Wings & Flying

Of wings and flying

Throughout history people have always wanted to fly. It is synonymous with freedom and the the ability to rise above the confinements of life. As we soar we begin to perceive and experience the world differently. This blog is about that personal flight of discovering who we are and what we want to be. Our true potential is never realised until we ‘fly’. So let me begin with the story of how I began to find my wings.


Swanton Lodge, Sydney 1985

The old Steinway upright grand stood neglected in a corner, a derelict among derelicts. What had once been described as a ‘timeless instrument’ was now a repository for thousands of dead cockroaches and cigarette butts, jammed in between strings, immobilising every hammer and hinge. Broken shanks, tattered felts, missing dampers and loose strings dangling at awkward angles. Panels had been shattered by violent fists in drunken brawls. The forlorn piano awaited its final performance – a swansong consignment to the tip.

The idea. I had walked away from a previous life and found myself working as a street chaplain in the deep-end of the world of homelessness, addiction and mental illness. This was foreign territory and I wasn’t sure how I was going to connect with these people of the street.  Taking in the surroundings of the depressingly sad and gloomy hall of the drop-in centre I noticed the old piano and an idea began to take shape. Unbeknown to me, this decrepit old building was soon to become my university and its endless waves of rejected humanity would prove to be my professors teachers and tutors. This was the real University of Hard Knocks.

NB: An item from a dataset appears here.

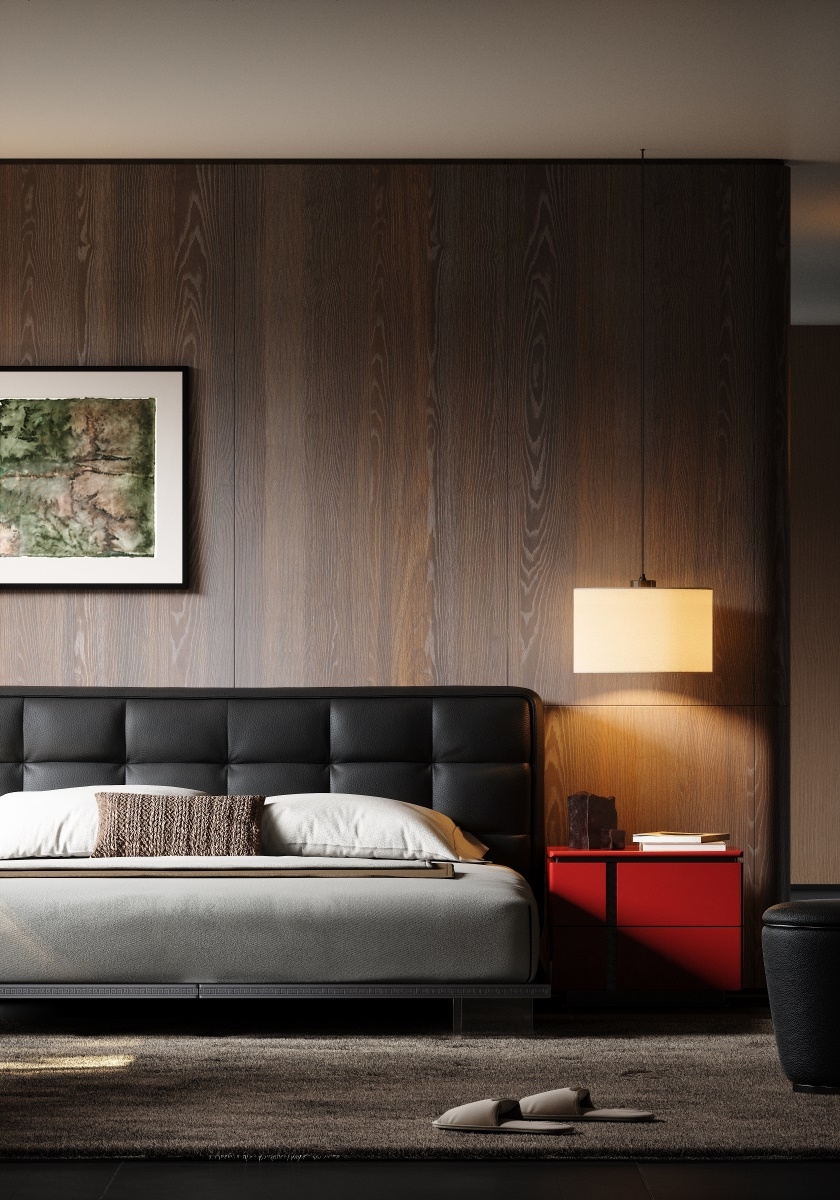 The headboard, crafted from premium black leather, showcases a meticulously stitched, paneled design that radiates refined elegance.

Three weeks later. The innards of the disemboweled instrument littered the large table in the centre of the room. A thousand broken bits and pieces, a musical jigsaw puzzle awaited restoration. Herbie_BillIn the background in its usual place against the wall, the denuded cabinet and frame waited their turn for attention. Gone were the cockroaches and cigarette butts. For the first time in years the strings were free to vibrate, tingling in anticipation of being able to sing again. A small, faceless audience began to slide into the seats around the wall, half obscured by a thick blue mist of tobacco smoke, watching the one-hour daily performance on central stage from a discreet distance, pretending to be disinterested but stealing curious glances at the strange act nonetheless. Each day the distance diminished in fractional increments as curiosity exceeded wariness, until the bolder trailblazers finally approached the table to enquire what was happening. The new ‘padre’ was highly ‘sus’. These people were survivors, living on the street and off their wits. The first rule of survival was, ‘trust no-one’, and the invitation to trust was regarded with extreme caution. But with the subtlety of time the magnet of a salvage operation was too strong to resist. The day-centre began to take on the appearance of a boardroom, with chairs pulled up around the central table – the chairman gluing shafts of wood together, and the members making comment and asking questions, even venturing to give advice. Slowly, a gap was being narrowed and bridge was being built. One enterprising person even returned with bits of spring wire, felt and hammers, rescued from a another abandoned piano in a remote laneway. Over the months a gentle tidal ebb and flow of fragile humanity took their place at the table and declared their interest in the old piano.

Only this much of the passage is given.